When I was 17 months old, I was diagnosed with Langerhans Cell Histiocytosis. LCH is an immune system disease that can effect different organs. In my case, it affected my bones causing lesions in over 100 places on my skeleton. The area most affected was my skull where the disease ate through the back of my head and the orbit of my right eye. I had radiation and chemotherapy at St. Jude Children's Research Hospital, and I've been in remission from LCH for nine years! I have cataracts from the radiation, but my skull grew back!

At age 6, I was diagnosed with diffuse Astrocytoma, a type of brain cancer. The Astrocytoma was located above my left eye and was thought to be caused by the treatment of the LCH. I was transferred from St. Jude to Le Bonheur Children's Hospital for brain surgery, having a complete resection of the Astrocytoma. After the surgery, I would not speak for three days. They brought in therapy dogs to get me to talk but that didn't work. So, they let me go early back to St. Jude to see if that would help, and it did.

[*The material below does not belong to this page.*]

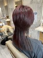 ロングレイヤーウルフ♪かっこいいウルフで個性的なオシャレスタイルが好きな方にピッタリ♪アディクシーカラーで艶やかなピンクブラウンに♪
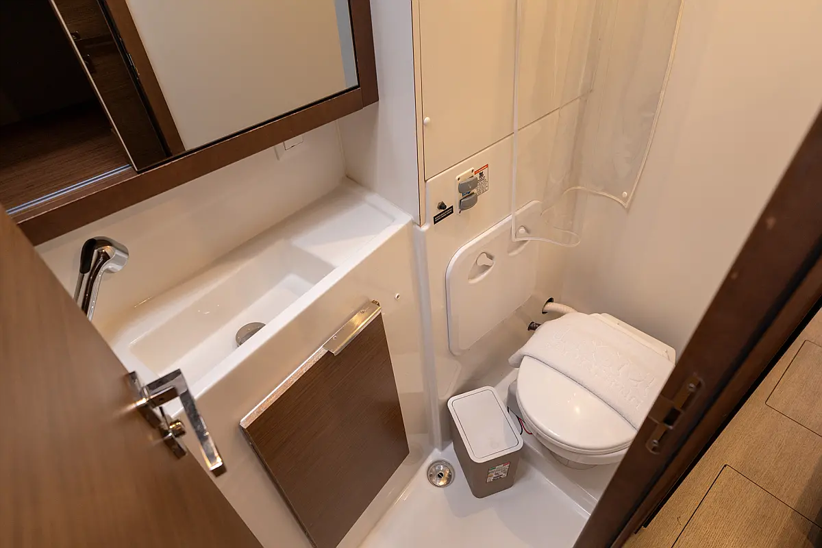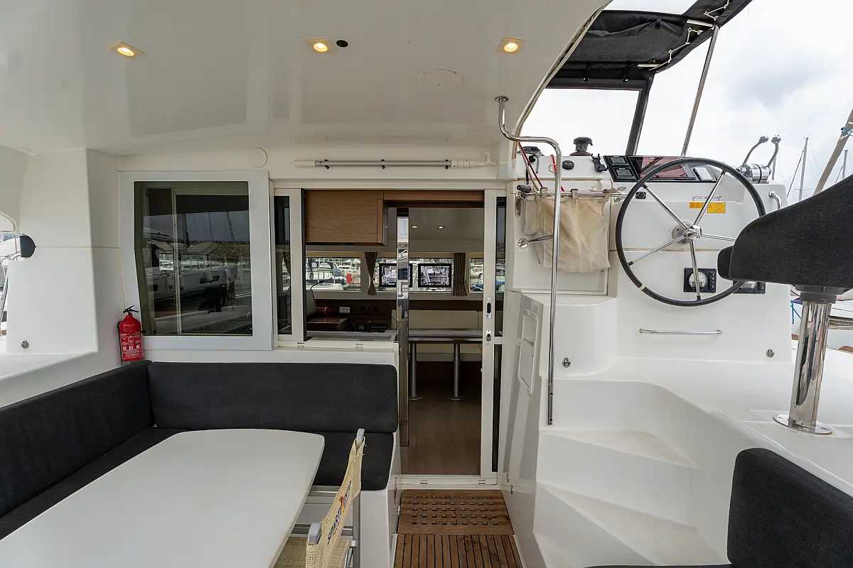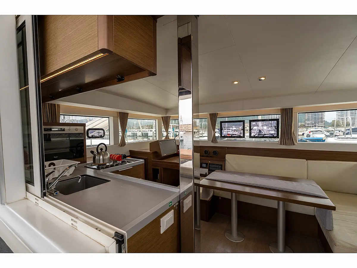Pomožni čoln, Izvenkrmni motor, teak kokpit, Blazine v kokpitu, Električni vitli, Inverter, Aparat za kavo, Električni wc, Hladilnik

After having brain cancer, I decided to raise money for St. Jude to help other kids going through treatment. I started Team Collin with my parents, and we've been walking with friends and family in the St. Jude Give Thanks Walk the Saturday before Thanksgiving for five years. I've raised about $7,000 so far.

On February 15, 2015, I will be 5 years cancer free! I want to thank Dr. Galindo, Dr. Boop, and Nurse Suzanne because she came in to help me on her days off! I also want to thank Teresa for helping me get my wish from the Make-A-Wish Foundation when I was 8. I wished for a real train car as a playhouse. CSX donated and refurbished an old Caboose and put it in my yard! Awesome!

What did I learn from my experience with cancer? It was not fun, but it gave me the ability to handle things better. Life can be hard, but you have to push through it and trust that God is in control. Give thanks to God every day for what you have. And do your best with it.